Exercise instructions: Your copy should repeat the data that follows exactly and contain no image.

Recorded data:

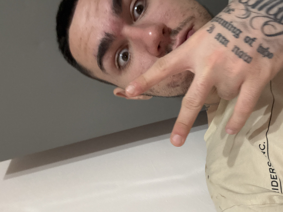 A single male individual, approximately 20-30 years of age, is depicted in a close-up, angled portrait indoors, purportedly located in the city of Yambol, Bulgaria. The subject has short dark hair, prominent eyebrows, and visible stubble on his chin and jawline. His eyes are wide open, looking directly towards the camera, and his mouth is slightly open. A reddish mark is present on his forehead. His left hand, with the back facing the viewer, is raised in front of his face, performing a gesture where the index, middle, and pinky fingers are extended, along with the thumb, while the ring finger is bent. The back of his hand and forearm are extensively tattooed with script and decorative patterns; partially visible script on the hand includes "coming of life" or "coming of hope." He wears a light-colored short-sleeved t-shirt, on which partial text "IDERS INC." is legible. Dark smudges are visible on the left shoulder of his shirt. The background is minimalist, consisting of a plain light-colored wall with a subtle shadow line on the left, and a uniform light gray wall or ceiling in the upper right. Illumination appears even and diffuse.
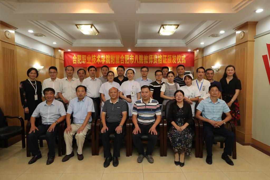 颁证仪式上,唐智国代表合肥市第八人民医院对首批取得教师资格证的24位医师表示祝贺,祝贺各位医师又取得了一个新的资格证书,从此具有了“医师”和“教师”双师资格;对合肥888集团学院在教师岗前培训及资格认定工作中给予的帮助和支持表示感谢,希望各位新老师在职业生涯中无论作为医师还是教师要有医德和师德,要爱岗敬业,教书育人做一名合格的医师和老师。
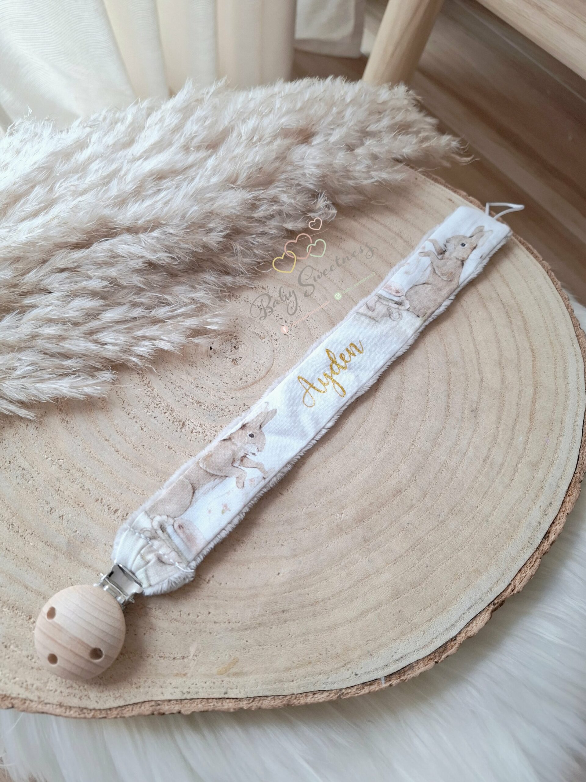 En achetant une attache tétine en tissu de la marque Baby Sweetness, vous avez la possibilité de choisir vos tissus préférés et de le personnaliser avec le prénom de votre enfant. Vous pouvez également l’associer à d’autres articles eux aussi entièrement personnalisables tels que les doudous, protèges carnet de santé, bavoir, lange, etc.
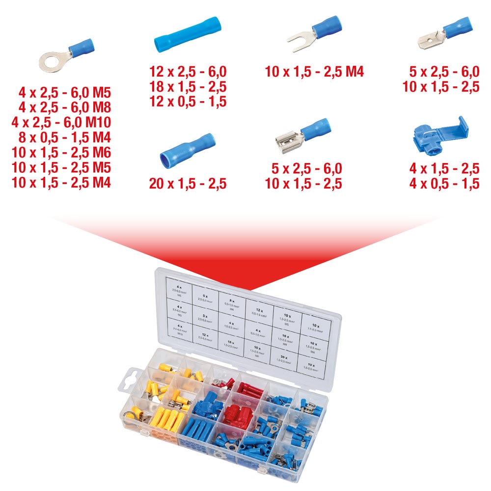 - Geeignet für Kabelquerschnitte: rot 0,5-1,5 mm², blau 1,5-2,5 mm², gelb 2,5-6,0 mm²

Answer box:
 A single male individual, approximately 20-30 years of age, is depicted in a close-up, angled portrait indoors, purportedly located in the city of Yambol, Bulgaria. The subject has short dark hair, prominent eyebrows, and visible stubble on his chin and jawline. His eyes are wide open, looking directly towards the camera, and his mouth is slightly open. A reddish mark is present on his forehead. His left hand, with the back facing the viewer, is raised in front of his face, performing a gesture where the index, middle, and pinky fingers are extended, along with the thumb, while the ring finger is bent. The back of his hand and forearm are extensively tattooed with script and decorative patterns; partially visible script on the hand includes "coming of life" or "coming of hope." He wears a light-colored short-sleeved t-shirt, on which partial text "IDERS INC." is legible. Dark smudges are visible on the left shoulder of his shirt. The background is minimalist, consisting of a plain light-colored wall with a subtle shadow line on the left, and a uniform light gray wall or ceiling in the upper right. Illumination appears even and diffuse.
 颁证仪式上,唐智国代表合肥市第八人民医院对首批取得教师资格证的24位医师表示祝贺,祝贺各位医师又取得了一个新的资格证书,从此具有了“医师”和“教师”双师资格;对合肥888集团学院在教师岗前培训及资格认定工作中给予的帮助和支持表示感谢,希望各位新老师在职业生涯中无论作为医师还是教师要有医德和师德,要爱岗敬业,教书育人做一名合格的医师和老师。
 En achetant une attache tétine en tissu de la marque Baby Sweetness, vous avez la possibilité de choisir vos tissus préférés et de le personnaliser avec le prénom de votre enfant. Vous pouvez également l’associer à d’autres articles eux aussi entièrement personnalisables tels que les doudous, protèges carnet de santé, bavoir, lange, etc.
 - Geeignet für Kabelquerschnitte: rot 0,5-1,5 mm², blau 1,5-2,5 mm², gelb 2,5-6,0 mm²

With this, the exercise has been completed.